Is the Administration Brief Really That Bad?

This guy says it’s not.  I’m in agreement with SayUncle’s analysis.  I agree with Right Side of the Rainbow on this point:

For what it’s worth, I think we should pay close attention to the legal framework outlined in the administration’s brief. I’d wager that the Supreme Court adopts it, or something close to it.

The last sentence there is why I had such a negative reaction to the brief.  In my mind it opened the door to the court to rule in favor of an individual right, but based on an interpretation that intended to uphold every federal gun law, and will make attacking state laws, like Massachusetts byzantine licensing system, and New Jersey’s “maybe we’ll issue you one this year, if we feel like it.” permitting system for purchasing handguns.

My outrage in this is mellowing a bit, because perhaps I am expecting too much from The Court in Heller.  If, in order to get a majority to rule in favor of an individual right, they need a track of reasoning that the liberals feel comfortable with, perhaps this is a way they could go without handing us an outright defeat.

If The Court did adopt the government’s position would I consider it a victory or a defeat?   I think I’d have to still consider it a victory, because it will at least force the lower courts to start asking the proper questions, even if the ultimate result is not being able to use Heller to get rid of as many gun control laws as we would like.  My big disappointment is that the government’s brief is that it merely calls for “heightened scrutiny”, which implies the government is after something less than strict scrutiny.  What level of heightened would make the government happy?  No doubt whatever level is necessary to uphold the vast majority of federal prohibitions.  That should not be the concern when it comes to constitutional matters.  The Second Amendment deserves the same standard of scrutiny as every other part of the Bill of Rights.

3 thoughts on “Is the Administration Brief Really That Bad?”

  1. What gets me is Right of Rainbow acknowledges that the brief “left the door ajar” on banning handguns.

    Leaving the door ajar just invites Helmke and crew to kick it wide open.

  2. I don’t care if the liberal gun grabbers are comfortable with it. Guess what? Burglars are not comfortable with my position on the sanctity of my home, should I consider it a victory if they just take some stuff and only hurt some of my family in the process?
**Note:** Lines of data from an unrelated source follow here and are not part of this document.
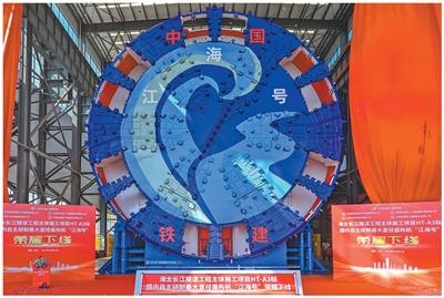 国内自主研制、最大开挖直径达16.64米的超大直径盾构机“江海号”。郭立亮摄(人民视觉)
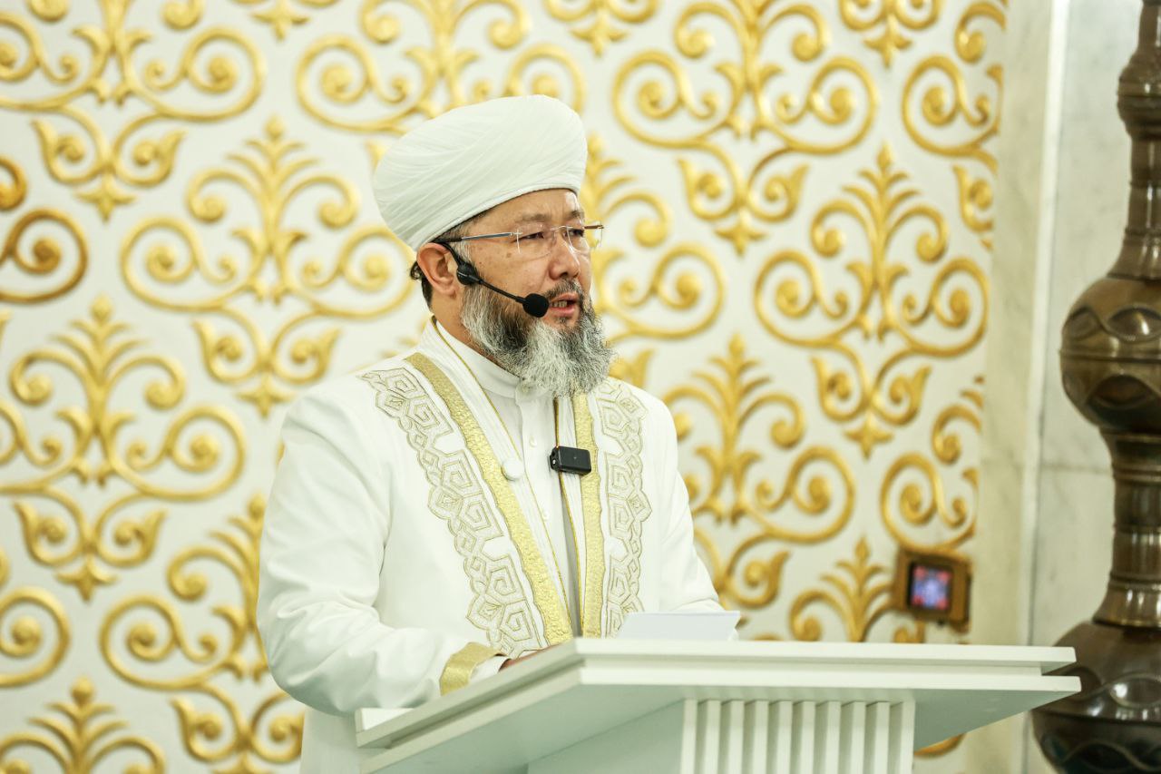 Сегодня председатель Духовного управления мусульман Казахстана, Верховный муфтий Наурызбай кажы Таганулы посетил мечеть «Хазрет Султан» в столице и обратился с проповедью к джамаату.
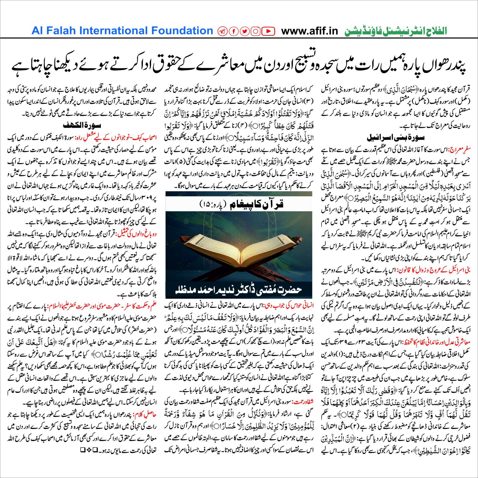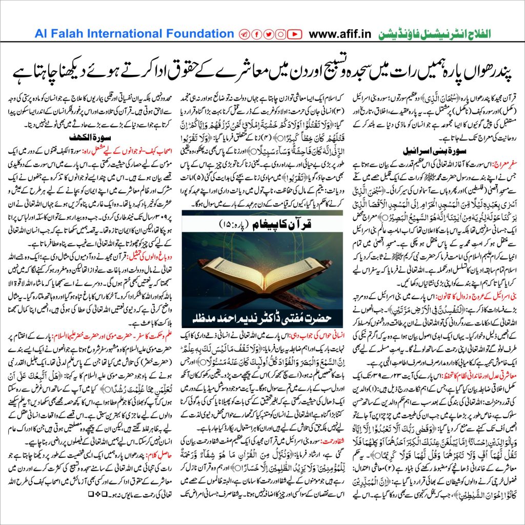قرآن کا پیغام (پارہ:۱۵)
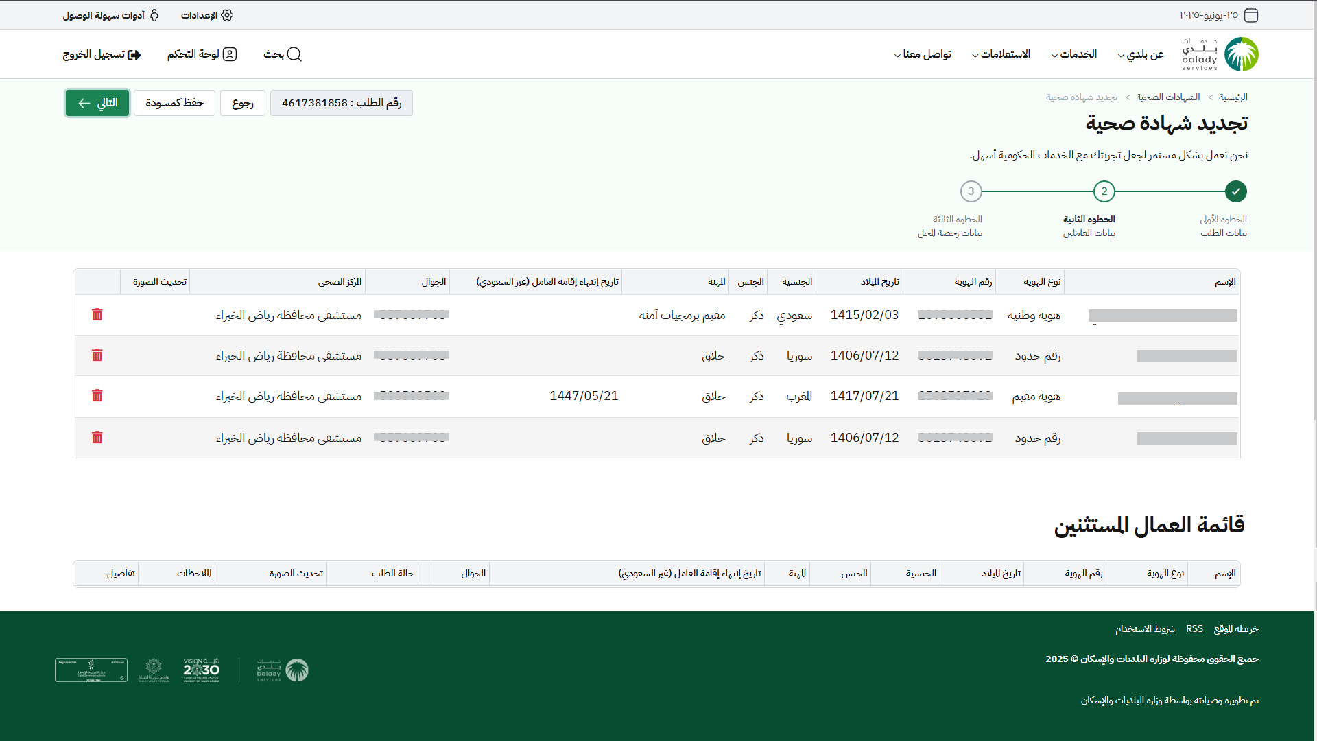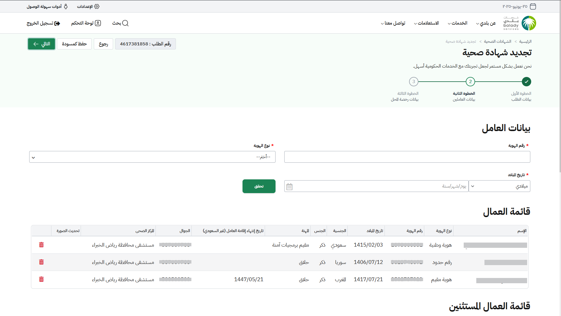 24) ثم ينتقل المستخدم لمرحلة الخطوة الثانية (بيانات العاملين) ليقوم المستخدم بالتأكد من (قائمة العمال) ، كما يمكن للمستخدم اضافة عامل جديد بتعبئة قيم الحقول في القسم (بيانات العامل)، وتشمل (رقم الهوية، نوع الهوية (هوية وطنية / هوية مقيم / رقم الحدود)، تاريخ الميلاد)، ثم الضغط على الزر (تحقق)، من أجل التحقق من بيانات العامل.
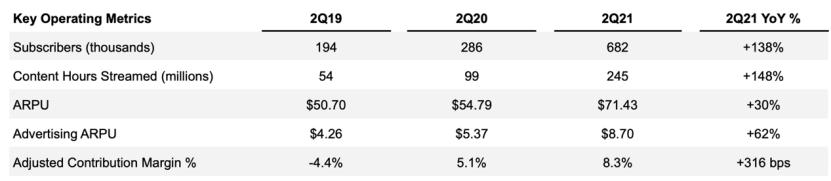 在本季度,Fubo TV的广告业务也打破了记录,广告收入达1650万美元,同比增长281%,占据总收入的13%,广告ARPU同比增长62%至8.70美元,环比增长22%。
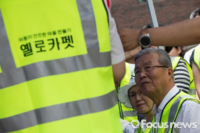 (서울=포커스뉴스) 김종인(오른쪽) 더불어민주당 비상대책위원회 대표가 15일 오전 서울 성북구 안암초등학교 앞에서 열린 아동안전 프로젝트 '옐로 카펫' 제작행사에 참여해 관계자들에게 설명을 듣고 있다.
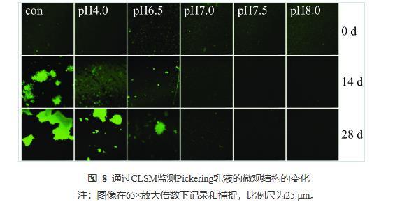共聚焦激光掃描顯微鏡(Confocal laser scanning microscope,CLSM)常用於分析乳液的微觀結構,它可以內在地反映乳液顆粒的尺寸分布、分散性和穩定性。不同pH下形成的PPP-NP穩定的Pickering乳液如圖8所示。油滴被尼羅紅染色顯示綠色,因此綠色區域代表油滴。由於乳液液滴的粒徑較小,因此在CLSM下顯現出滿屏的綠色小點。
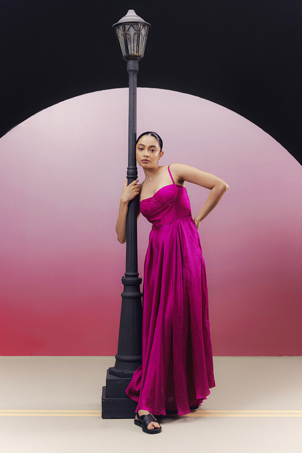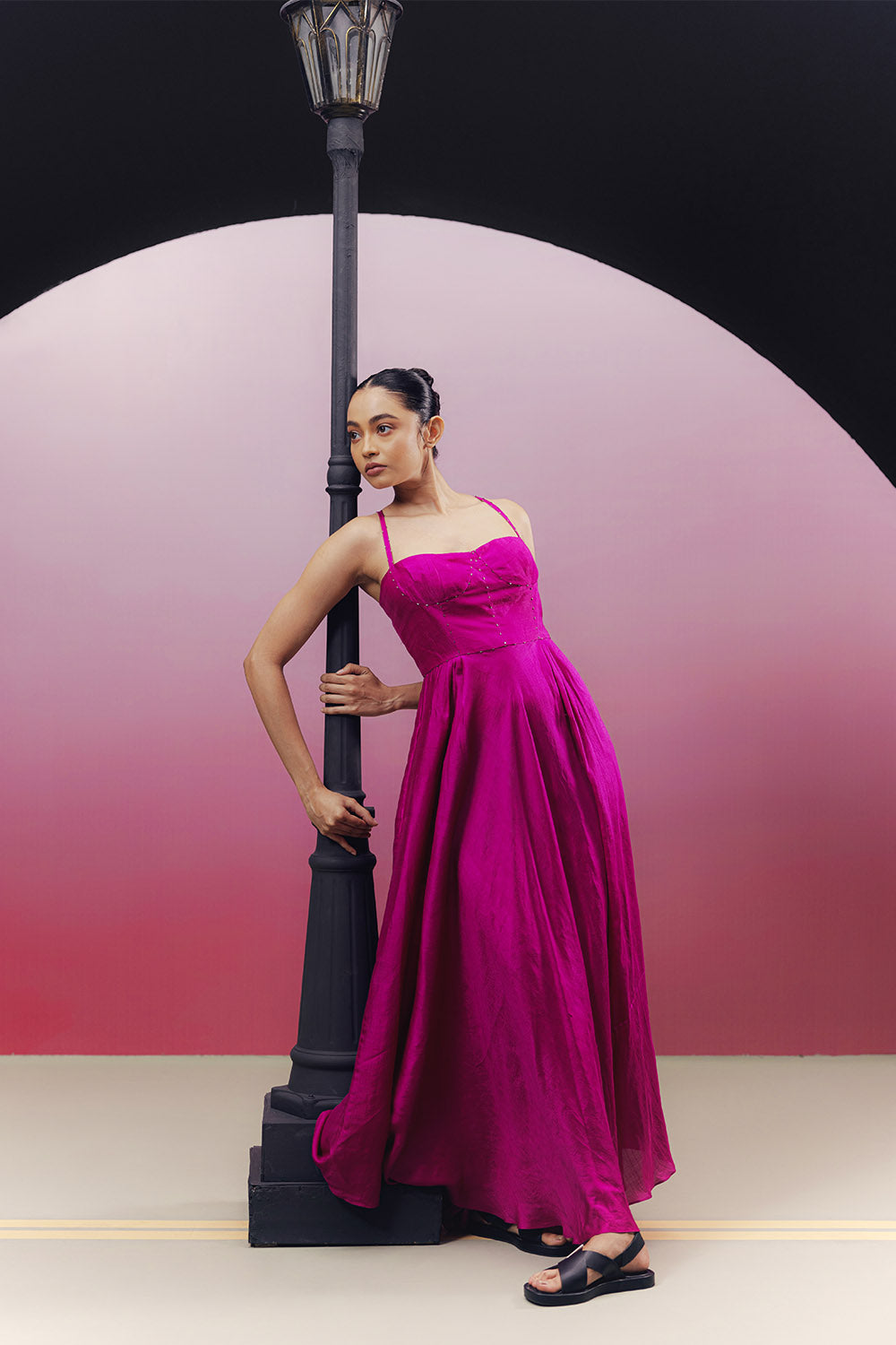 Handwoven silk corset style midi dress with beadwork edging along the bodice seams.
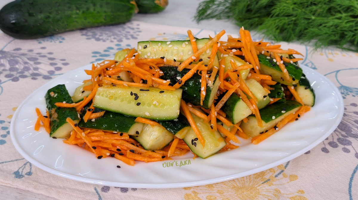 3. Огурцы перемешивают с морковью и заливают маринадом, добавляют кунжут и укладывают в холодильник на 2 часа. Они получаются идеальными – хрустящими и с забойным вкусом, сообщает Дзен-канал "oliv'едка | Душевные рецепты".
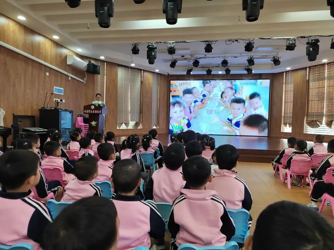 随后,林青副主任用生动形象的语言,搭配色彩鲜艳的活动照片、趣味十足的视频片段,带领孩子们重温在幼儿园的快乐时光:户外游戏时的肆意奔跑、手工课堂上的奇思妙想、生活活动中的点滴进步……每一个画面,都是孩子们成长的珍贵印记。
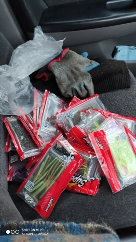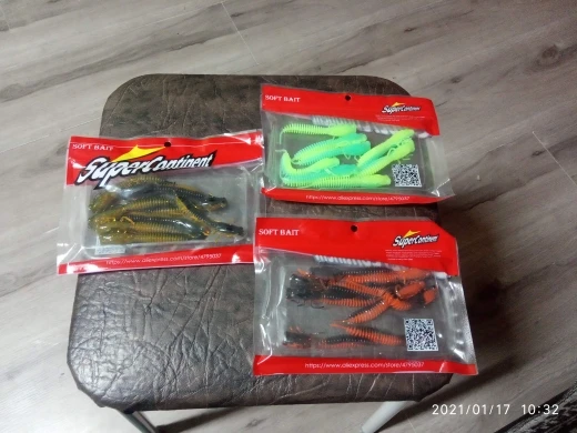 Пришло через 15 дней, очень быстро. Описанию соответствует, силикон мягкий и прочный, некоторые цвета чуть темнее, чем на фото, но не критично. Количество в пачках не считал, но вроде соответствует. Легкий запах рыбьего аттрактанта. Продавцу спасибо - оперативно, качественно, рекомендую.
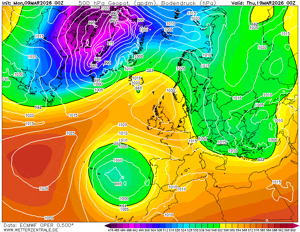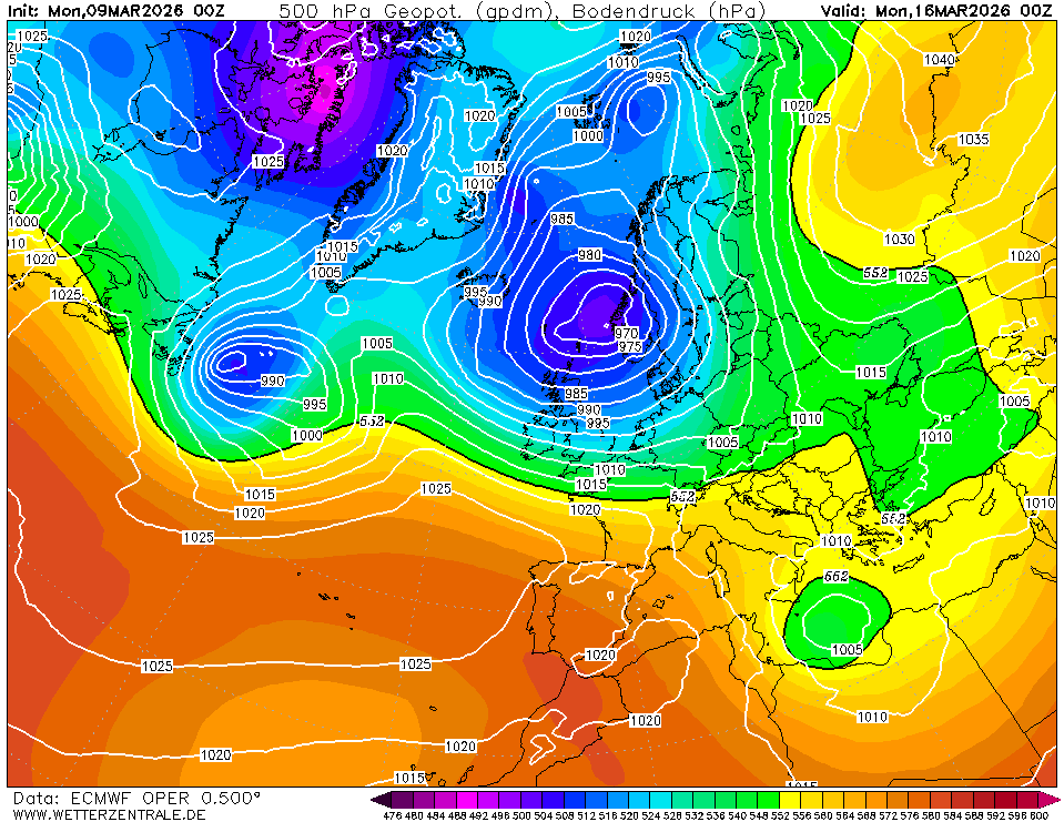Op 168u nog een diepe depressie, paar dagen later ligt er een hogedrukgebied.
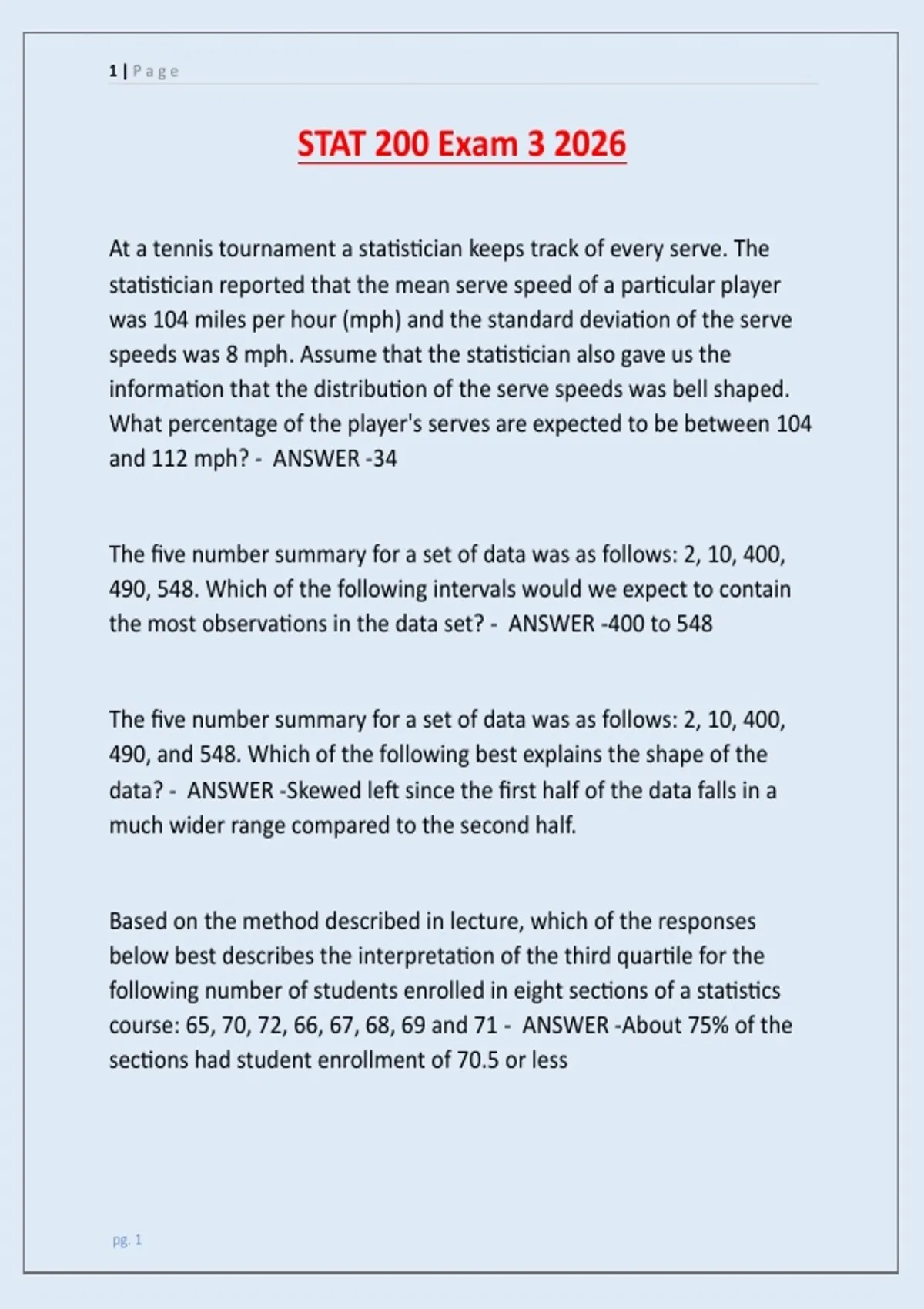 STAT 200 Exam 3 2026
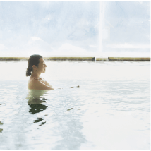 肌本来のもつ透明感に着目したモイスチャー温泉へ。湯上がり後は、ベタつきすっきり。
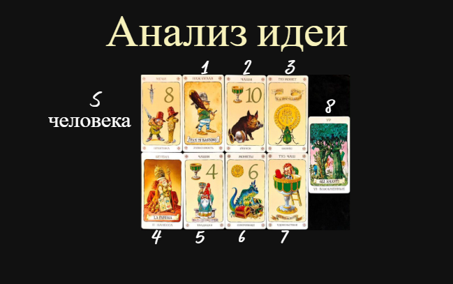 Расклад поможет получить помощь, когда вы хотите реализовать свою идею, открыть новый проект, создать новое направление и позволяет определить возможности и перспективы деятельности. Задумайте свою идею, либо вспомните о давней мечте.
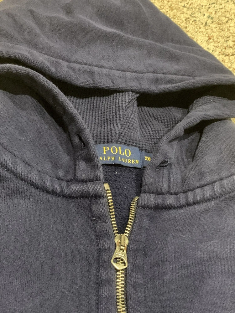 Size Type: Regular Size: 2XL Style: Full Zip Vintage: Yes Closure: Zip Department: Men Neckline: Crew Neck Fabric Type: Knit Pattern: Solid Theme: Preppy Sleeve Length: Long Sleeve Material: Cotton, Polyester Type: Hoodie Color: Blue Fit: Regular Brand: Polo Ralph Lauren
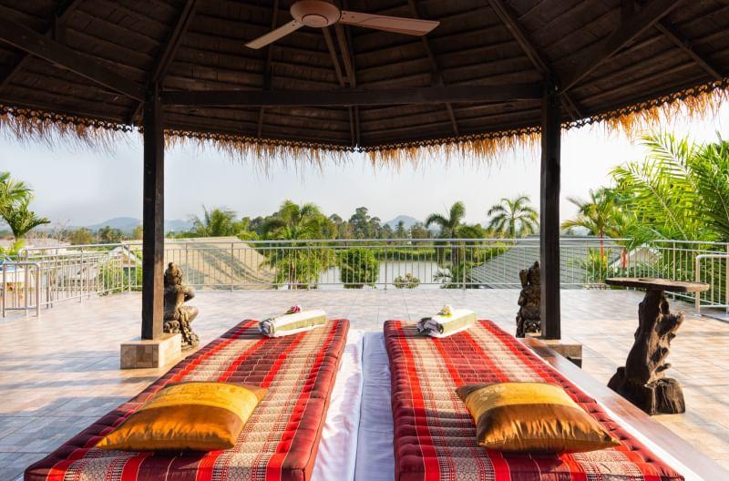 3 rooftops (gym, massage, bar) with 2 bridges,
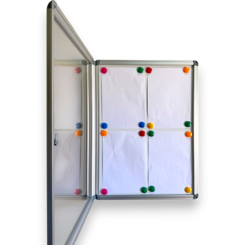 Magnetic Whiteboard Lockable Notice Board – Secure & Modern Display for 4 A4 Papers

    Will you ever grow up?

  3. DoJ’s brief may be legally correct. “Strict scrutiny” as a standard is almost always applied to questions of race, national origin, or fundamental rights that are tied to questions of race–and then, only when the challenge is based on the Fourteenth Amendment’s equal protection clause (which is not applicable here because DC isn’t a state).

    Keep in mind that strict scrutiny as a legal standard of review exists for one reason only: for decades, the best lawyers worked for the segregationists, and the only way that liberals on the Court could knock down racist laws was to create a new and more exacting standard of review.

    I’m not sure exactly what standard should be applied on this. Remember that the Court’s willingness to strike down laws has tended to be primarily state laws, not federal laws, and this is an ordinance created by a creation of the federal government.

    I’m not sure exactly what standard of review is normally used when overturning federal laws. Clearly, this is one of those cases where the law is in clear violation, and needs to be overturned. But strict scrutiny has a long and tortured history.